Example running Aider in a Python project folder and adding a source file to the context

In the aider shell, there are many commands that are available with the / command. Some of the available commands are shown here:

/ (slash) commands available in the Aider shell

The hello.py source file contains a very simple FastAPI hello-world API example. I want Aider to update it so that it runs as a stand-alone script that uses Uvicorn to run the API.

It will make the requested changes, and show you what it changed in diff format (added lines of code in green):

Example of Aider editing a local source file as requested

Aider will automatically commit the changed files with Git, giving them a descriptive commit message:

Aider making git commits of all the changes it makes to your source files

Since it’s using Git to version the changes it’s making, you can easily revert a change if you don’t like it.

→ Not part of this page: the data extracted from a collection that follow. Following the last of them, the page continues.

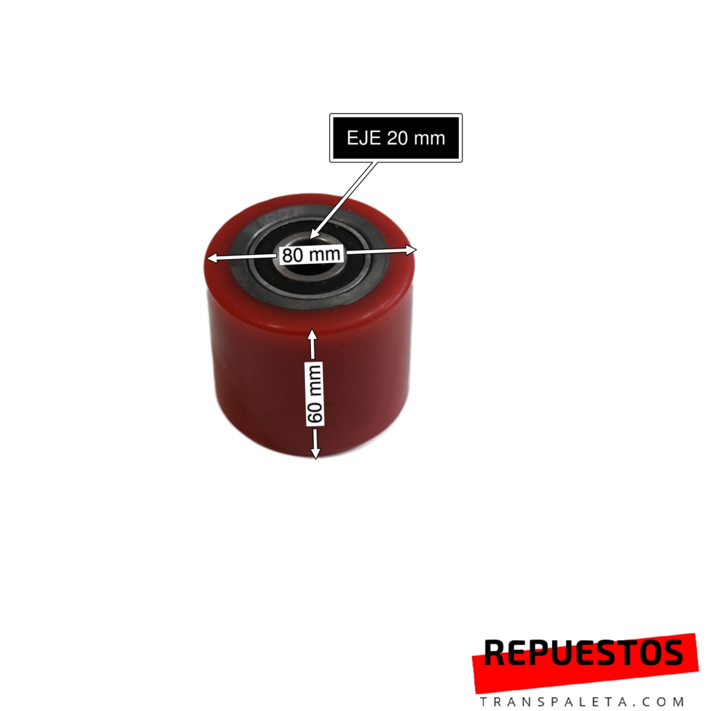 Etiquetas: RODILLO 80X60 EJE 20, Rodillo poliuretano, rodillo transpaleta, Rueda 80x60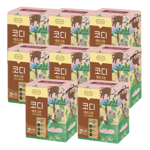 [코디] 에코그린 미용티슈 180매 3입 (1팩,2팩,4팩,8팩 선택 구성)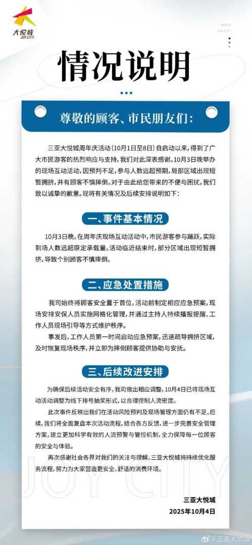 10月4日晚,三亚大悦城就3日晚现场互动活动因预判不足导致局部拥挤、顾客摔倒致歉,并表示将加强活动管理,提升顾客体验,引发公众对活动安全的关注。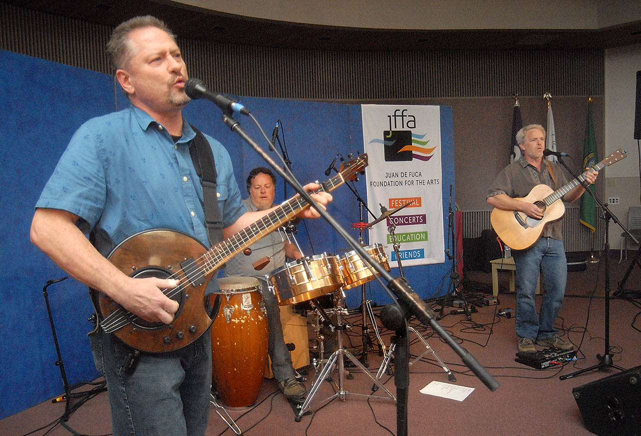 Members of Port Angeles-based Joy In Mudville, from left, Paul Stehr-Green, Kim Trenerry and Jason Mogi, entertain the audience on Friday from the Main Stage of the Juan de Fuca Festival of the Arts. (Keith Thorpe/Peninsula Daily News)

Now that we have our updated hello.py API, let’s run it to see if it works:

Running the simple API that Aider helped us create

It works!

This was just a very basic example, Aider can read in all the code in your project and do a lot more, but you’ll need a larger LLM and (and potentially a system with more GPU horsepower/VRAM) to make this perform well with more complex projects.

Conclusion

In this article, we moved quickly, providing just enough information to get things running before advancing to the next topic. To make the most of what you’ve learned, you’ll need to explore Ollama, Open WebUI, and Aider in greater depth. Additionally, consider experimenting with with other Ollama/OpenAI compatible clients and utilities periodically, as this space is evolving rapidly.

This may not have been a true “Zero-to-Hero” tutorial, but if you followed along and successfully implemented the examples on your own system, you now have a much deeper understanding of this topic than most people who rely solely on a free ChatGPT account, and have your own private Generative AI environment to use.